Page last updated at 11:46 GMT, Friday, 2 October 2009 12:46 UK

Cameron makes deficit a priority

David Cameron and George Osborne
Mr Cameron said he wanted to prevent long-term unemployment

David Cameron has said reducing the UK's fiscal deficit will take "a great national effort" and cannot be done by "cutting waste" alone.

Speaking to the Sun ahead of the Tory conference, he also promised "big, bold and radical" plans to tackle the "appalling scourge of unemployment".

And Mr Cameron said he would set up a "war cabinet" - or National Security Council - to handle the Afghan mission.

The Conservative conference will begin in Manchester on Monday.

Ahead of the event, chairman Eric Pickles gave a message to delegates in a video on the party's website, telling them: "Be under no illusion, the general election is not in the bag."

'Waste of life'

Mr Cameron told the Sun he would be "straight" with people about the deficit.

"You cannot deal with it just by cutting waste," he said. "This is going to require a great national effort."

He also said he would make getting people back to work a priority, so that long-term unemployment did not become commonplace.

"It's a waste of life.
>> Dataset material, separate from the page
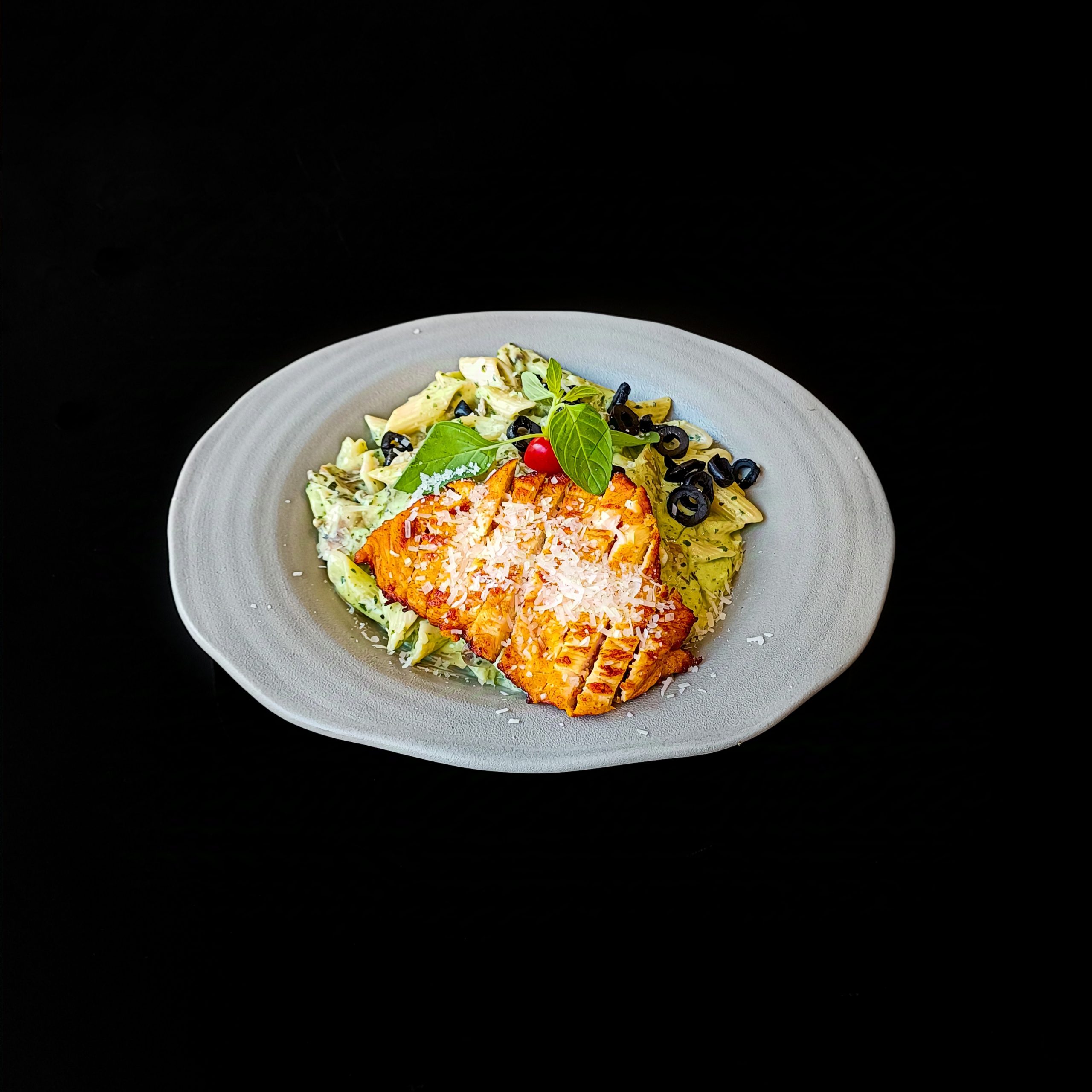 پنه به همراه مرغ گریل شده و سس پستو و قارچ

I must stop it happening," he said.

The military are fighting that war, but I want Whitehall fighting it too
David Cameron, on Afghanistan

Earlier this week, the Sun announced that it was abandoning Labour and would back the Conservatives at the next general election.

One of the key reasons it cited was the government's handling of the conflict in Afghanistan.

Mr Cameron said: "The military are fighting that war, but I want Whitehall fighting it too."

He said he would make setting up a National Security Council - with senior Cabinet ministers and armed forces and security service heads - an urgent priority.

The Conservative leader also gave an interview to the Spectator magazine in which he said he would use the conference to show his party had "the grit and determination to turn the whole country around".

But in terms of the deficit, he added: "I want to be realistic - both for what a government can achieve, but also realistic in terms of taking the country with me."

Labour has said it plans to introduce a 50p rate of tax for the highest earners - a policy Mr Cameron said he would honour.

Nevertheless, he told the Spectator he thought high marginal tax rates were "a fantastically bad idea" and if the 50p policy ultimately drove Britain's rich to move overseas, "clearly it would be painless and advantageous to get rid of it at an early stage".


The Conservative conference comes after an Irish referendum on whether or not to sign the EU's Lisbon Treaty.

We want that referendum early in a Conservative government
Shadow foreign secretary William Hague, on the Lisbon Treaty

The Tories have previously pledged to give British people a chance to vote on the treaty, although some commentators have suggested it could already be in force by the time of the next general election.

However, shadow foreign secretary William Hague told the BBC there was "still no certainty" about that.

"In that situation, our long standing commitment to a referendum before it is in force is absolutely there," he said.

"We want that referendum early in a Conservative government and we would recommend a 'no' vote."

On Thursday, Foreign Secretary David Miliband called the Tories' EU policy a "national embarrassment" and accused the party of associating with "extremists".